The struggle to contain the coronavirus pandemic has featured prominently in leaders' speeches over the past few days - many of them delivered remotely because of the virus.

Country after country acknowledged the wide disparity in accessing the vaccine.

South Africa's president Cyril Ramaphosa pointed to vaccines as "the greatest defence humanity has against the ravages of this pandemic".

"It is therefore a great concern the global community has not sustained the principles of solidarity and co-operation in securing equitable access to COVID-19 vaccines," he said.

"It is an indictment on humanity that more than 82 per cent of the world's vaccine doses have been acquired by wealthy countries, while less than 1 per cent has gone to low-income countries."

He and others urged UN member states to support a proposal to temporarily waive certain intellectual property rights, to allow more countries, particularly those of low and middle income, to produce vaccines.

Earlier this year, US President Joe Biden broke with European allies to embrace the waivers, but there has been no movement toward the necessary global consensus.

Angola President Joao Lourenco said it was "shocking to see the disparity between some nations and others with respect to availability of vaccines".

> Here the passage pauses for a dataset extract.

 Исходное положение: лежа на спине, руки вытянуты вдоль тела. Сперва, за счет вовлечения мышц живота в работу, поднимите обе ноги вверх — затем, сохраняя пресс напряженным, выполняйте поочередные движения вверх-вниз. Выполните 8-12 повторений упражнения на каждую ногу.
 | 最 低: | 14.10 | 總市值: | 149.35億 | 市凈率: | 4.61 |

"These disparities allow for third doses to be given, in some cases, while, in other cases, as in Africa, the vast majority of the population has not even received the first dose," Lourenco said.

The US, Britain, France, Germany and Israel are among the countries that have begun administering boosters or announced plans to do so.

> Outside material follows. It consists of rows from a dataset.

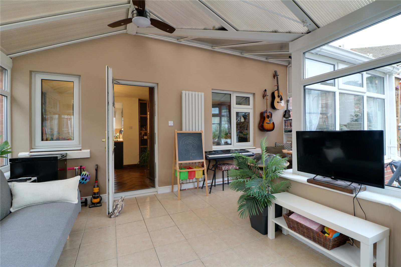 Conservatory 12'8" x 17' (3.86m x 5.18m). With a lean to and hip and pitched polycarbonate roof, fully tiled flooring, surrounding uPVC double glazed windows with two twin rear French doors allowing access to the rear patio, TV input and full power.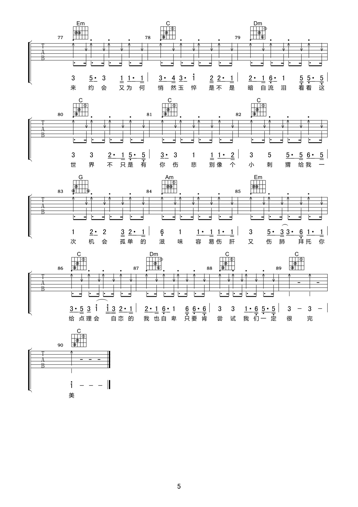 吉他弹唱C调来源:小叶歌469 浏览2021-01-15 16:37发布图谱共5页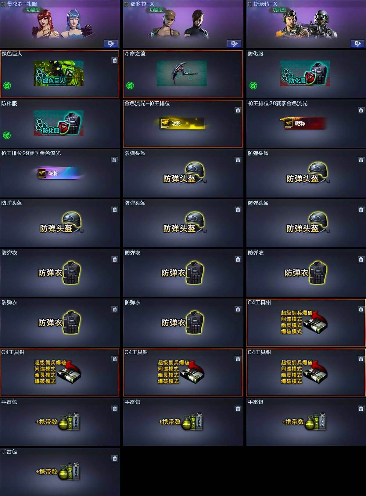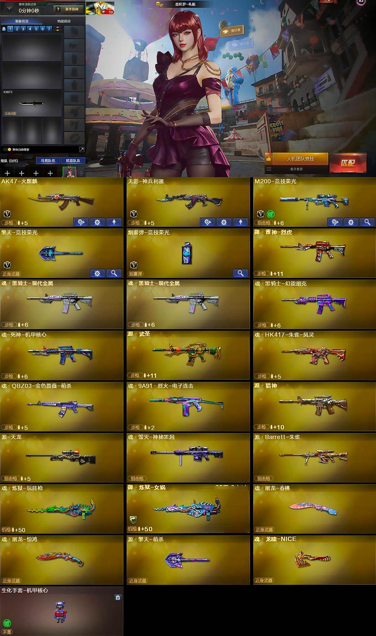 【ky5660】重庆一区-5V-0王者武器数-0炫金武器数【热门武器】:M200-竞技荣光【角色】:曼陀罗-礼服,潘多拉-X,斯沃特-X【人偶武器】:生化手雷-机甲核心【英雄级武器】:AK47-火麒麟,无影-神兵利器,M200-竞技荣光,擎天-竞技荣光,烟雾弹-竞技荣光【道具】:绿色巨人,夺命之镰,防化服*2,金色流光-枪王排位,枪王排位28赛季金色流光,枪王排位29赛季金色流光,防弹头盔*5,防弹衣*5,C4工具钳*4,手雷包*4【特殊枪械】:

Namibia President Hage Geingob called it "vaccine apartheid".

"There is a virus far more terrible, far more harrowing than COVID-19. It is the virus of inequality," said the president of the Indian Ocean island nation of the Seychelles, Wavel Ramkalawan.

The grim consequences of COVID-19 hit Tanzania especially hard when the East African country's then-president John Magufuli, who had insisted the coronavirus could be defeated with prayer, died in March.

The presidency went to his deputy, Samia Suluhu Hassan, who has since changed Tanzania's course on the pandemic but still sees great challenges ahead.

"We tend to forget that no one is safe until everyone is safe," she said during her speech on Thursday.

On Wednesday, Biden announced the US would double its purchase of Pfizer's COVID-19 shots to share with the world to one billion doses, with the goal of vaccinating 70 per cent of the global population within the next year.

The WHO says only 15 per cent of promised donations of vaccines - from rich countries that have access to large quantities of them - have been delivered.

The UN health agency has said it wants countries to fulfil their dose-sharing pledges "immediately" and make shots available for programs that benefit poor countries, and Africa in particular.